--- Supplied material ---
- - - - -

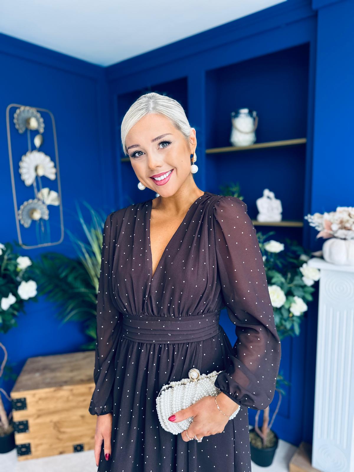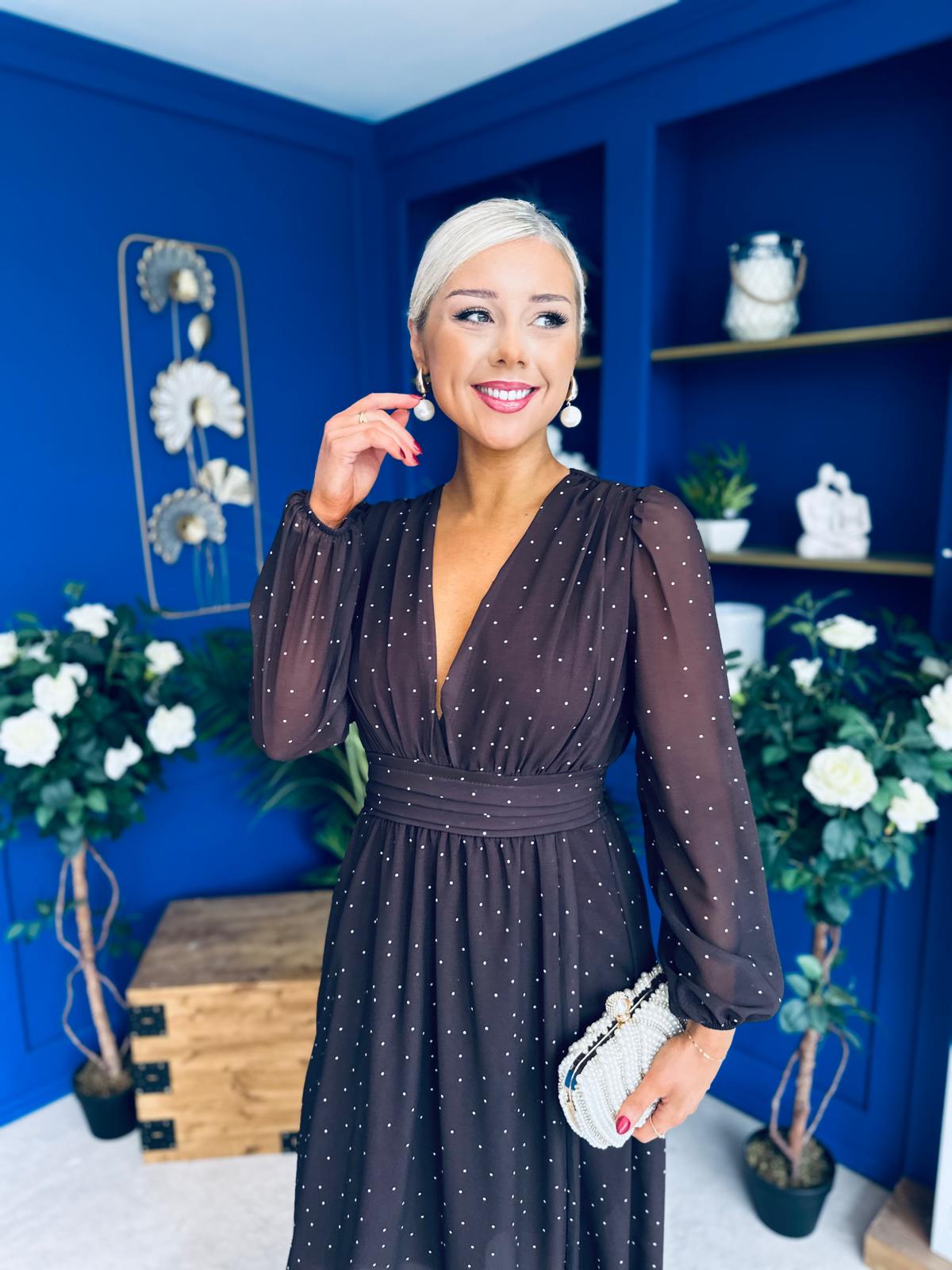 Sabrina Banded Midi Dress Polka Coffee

- - - - -

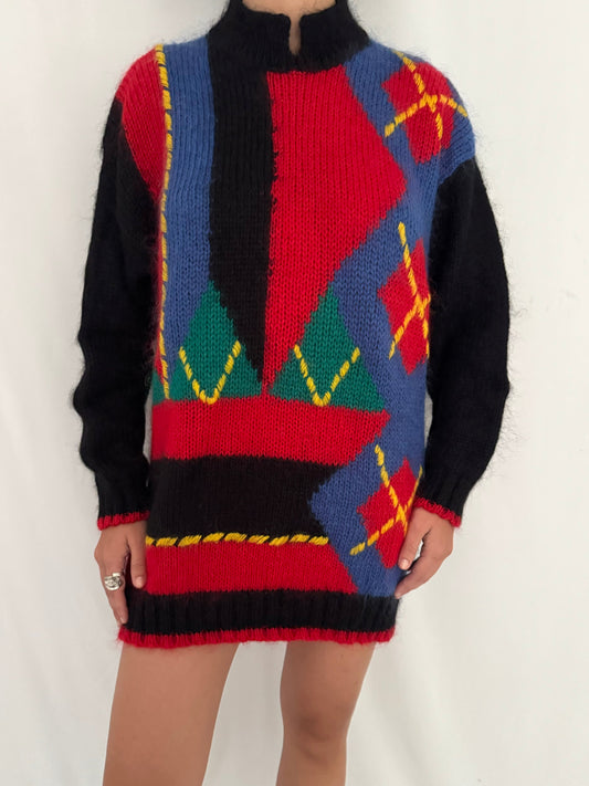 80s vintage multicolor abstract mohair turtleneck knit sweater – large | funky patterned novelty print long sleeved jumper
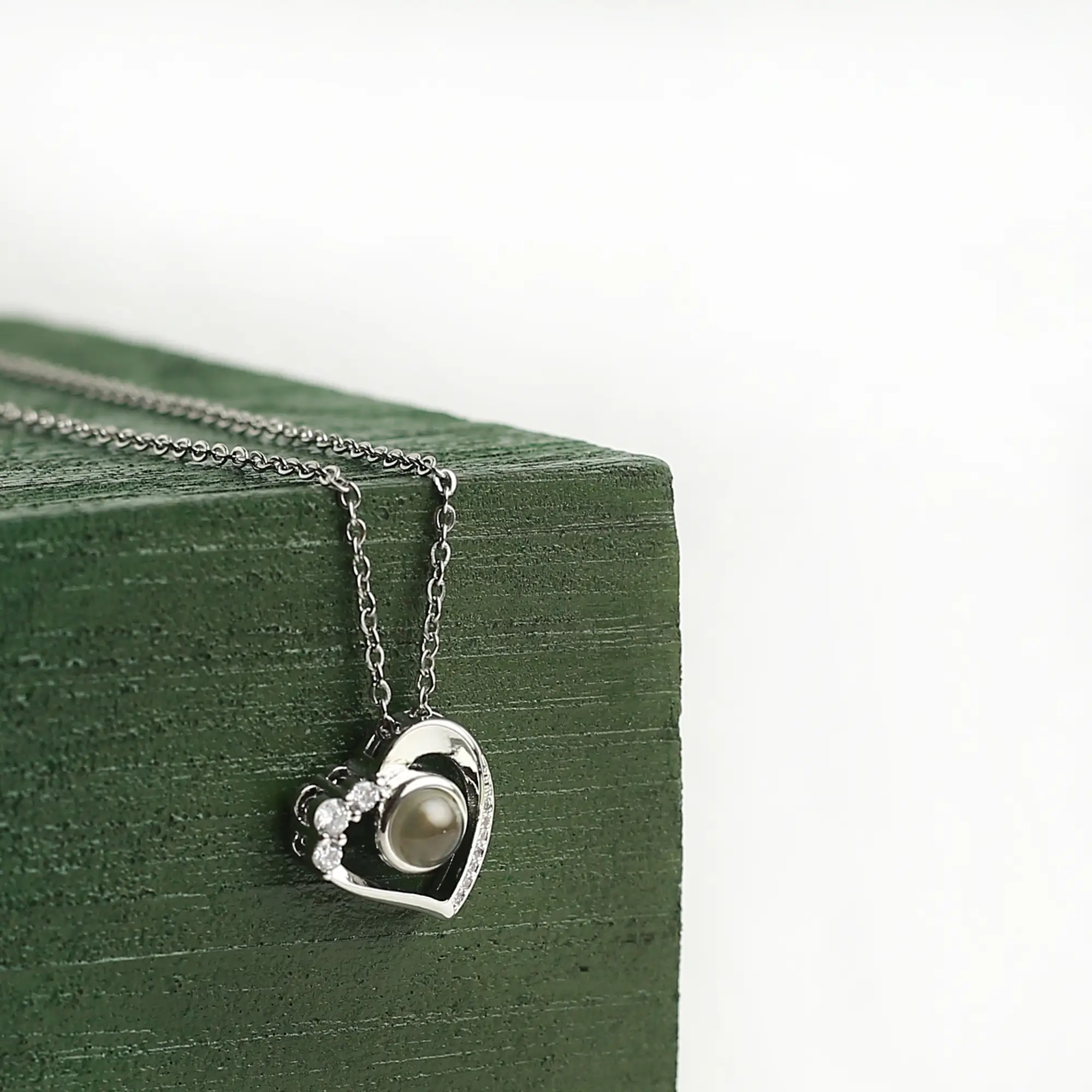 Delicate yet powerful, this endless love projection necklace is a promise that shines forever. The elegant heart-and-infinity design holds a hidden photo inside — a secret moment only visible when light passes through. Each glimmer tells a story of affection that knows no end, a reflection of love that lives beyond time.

- - - - -

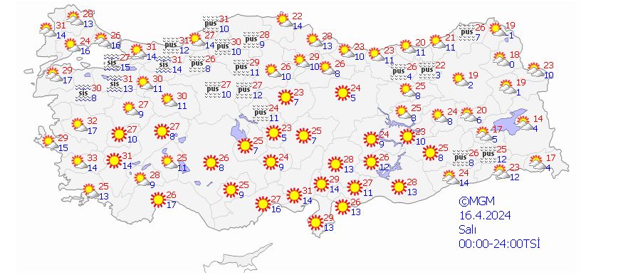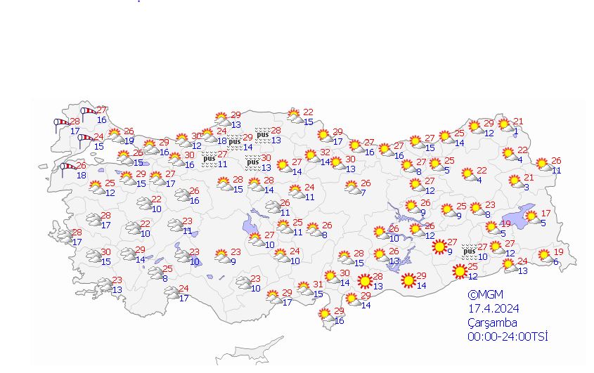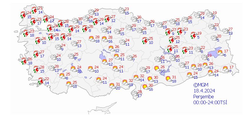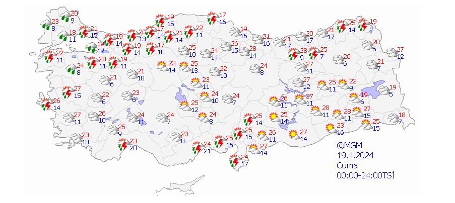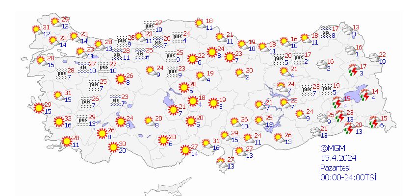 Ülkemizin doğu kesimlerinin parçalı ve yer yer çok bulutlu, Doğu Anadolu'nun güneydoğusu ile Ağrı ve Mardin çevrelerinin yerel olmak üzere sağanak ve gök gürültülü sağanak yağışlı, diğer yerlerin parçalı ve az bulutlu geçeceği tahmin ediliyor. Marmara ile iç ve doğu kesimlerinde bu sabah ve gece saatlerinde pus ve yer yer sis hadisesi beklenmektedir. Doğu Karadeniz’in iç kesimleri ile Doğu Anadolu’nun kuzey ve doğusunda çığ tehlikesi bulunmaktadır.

- - - - -

--- What you need to do ---
Go to the line above that contains "80s vintage multicolor" and reproduce everything exactly from there through the line that contains "Delicate yet powerful, this", leaving out the pictures.

--- Written reply ---
 80s vintage multicolor abstract mohair turtleneck knit sweater – large | funky patterned novelty print long sleeved jumper
 Delicate yet powerful, this endless love projection necklace is a promise that shines forever. The elegant heart-and-infinity design holds a hidden photo inside — a secret moment only visible when light passes through. Each glimmer tells a story of affection that knows no end, a reflection of love that lives beyond time.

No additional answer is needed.